The whole disaster had happened, of course, because of what he knew about Matthew Allenby. For he had a friend, he had told her, who had once worked for Matthew and who had told him all about the way he went about his business. Bribes, intimidation, secret handouts, blackmail. These were the methods by which he had got where he was. And, of course, by the careful courting of those with influence and power.

‘Your brother can’t possibly realise what kind of man he’s got tied up with. For God’s sake warn him,’ Orazio had advised her just a short while after they’d started seeing each other.

And she had. She’d gone to Damiano and told him everything and her brother’s response had been very clear and simple. ‘Accusations without proof are worthless,’ he’d told her. ‘Show me some evidence and then we can start talking.’

And so Orazio had set about gathering together what they needed—files and letters and tapes and photographs—and they had planned that, as soon as he’d gathered enough, Caterina would present the whole lot to Damiano. She’d gone along with this plan not out of any malice towards Matthew Allenby, for at that stage she’d had nothing personal against him, but because she loved and wanted to protect her brother.

But neither she nor Orazio had realised they were playing with dynamite.

The first hint of the shambles that lay ahead had been when Damiano, who didn’t normally interfere in her private life, had started expressing disapproval of Orazio—not saying anything specific, just that he considered him unsuitable—and brother and sister had exchanged sharp words on the subject. But Caterina had not been prepared for the avalanche that was to follow.

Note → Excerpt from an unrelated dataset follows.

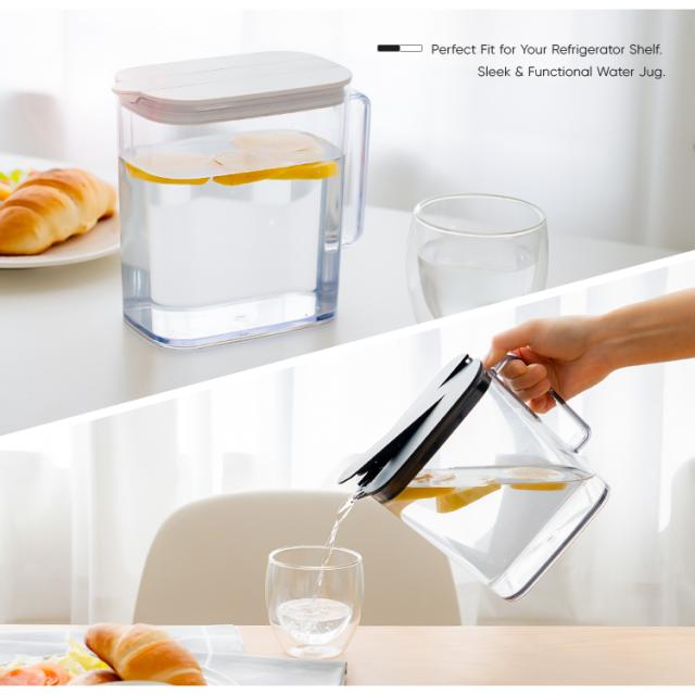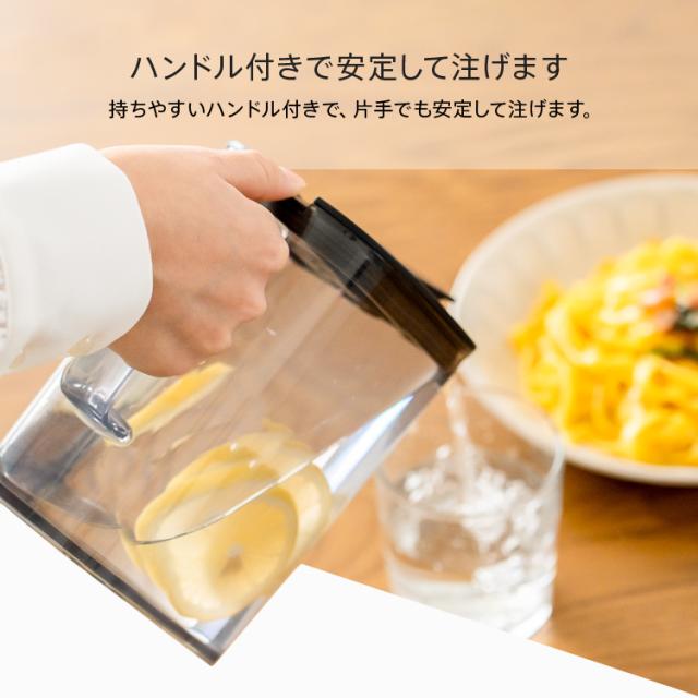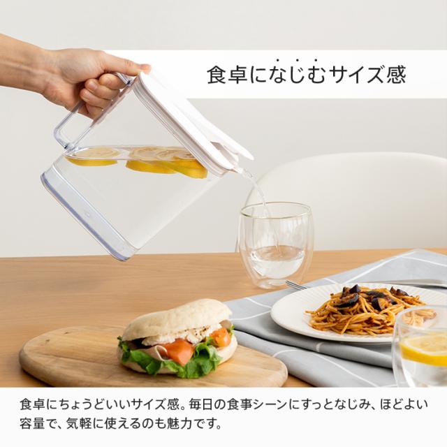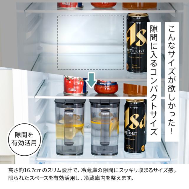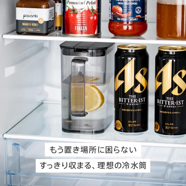500ml缶と同じ高さで冷蔵庫の棚のすきまにぴったり収まるピッチャー登場!前ドアポケットにも収まるコンパクト形状。テーブル上にもぴったりのサイズ感です♪ハンドル付きワンプッシュで操作できるので簡単に開閉。食洗機対応、部品も少ないのでお手入れも簡単です!耐熱仕様で、麦茶などの煮出しも可能。

It had happened quite out of the blue. Damiano had called her to his office and proceeded to regale her with a list of accusations against Orazio.

‘He’s a crook,’ he’d told her, ‘a two-bit crook and a lowlife, and I can’t allow you to continue to see him.’

Caterina had been outraged. She’d refused to listen. How dared he make these false accusations?

‘I know the real reason!’ she’d stormed at him. ‘It’s because he’s a commoner! Well, I won’t stop seeing him and you can’t make me!’ Then she’d added, just out of bravado, because she was so damned mad at him, for really there had been no such intention in her head, ‘I might even marry him if I decide it suits me!’

That had been when Damiano had, almost literally, exploded. ‘Take my word for it,’ he’d warned her, ‘that that will never happen!’ And there and then he had ordered her to break off the romance immediately or he would cut her off without a penny.

He’d meant it, too. But that hadn’t stopped Caterina, as she’d swung out of his office in tears of helpless rage, retorting defiantly, ‘I don’t care! I won’t stop seeing him!’

For she could be as hard-headed as Damiano and, besides, it was a matter of principle. She would not be dictated to in this fashion.

And she would have stuck to her guns if Orazio hadn’t talked her out of it and insisted on making a discreet withdrawal.

‘I can’t let you make this sacrifice,’ he’d told her. ‘I’d never be able to live with myself if I did.’

Besides, he’d no longer had a job nor much hope of finding another one. Word was already being circulated that he was persona non grata—Damiano hadn’t wasted any time there—and it really hadn’t looked as though there was much of a future for him in San Rinaldo. So within a week he’d been gone, in spite of Caterina’s pleas that he stay on and at least fight to redeem his good name. ‘I’d rather sacrifice my good name than bring you embarrassment,’ he’d told her. And that had been the end of the romance.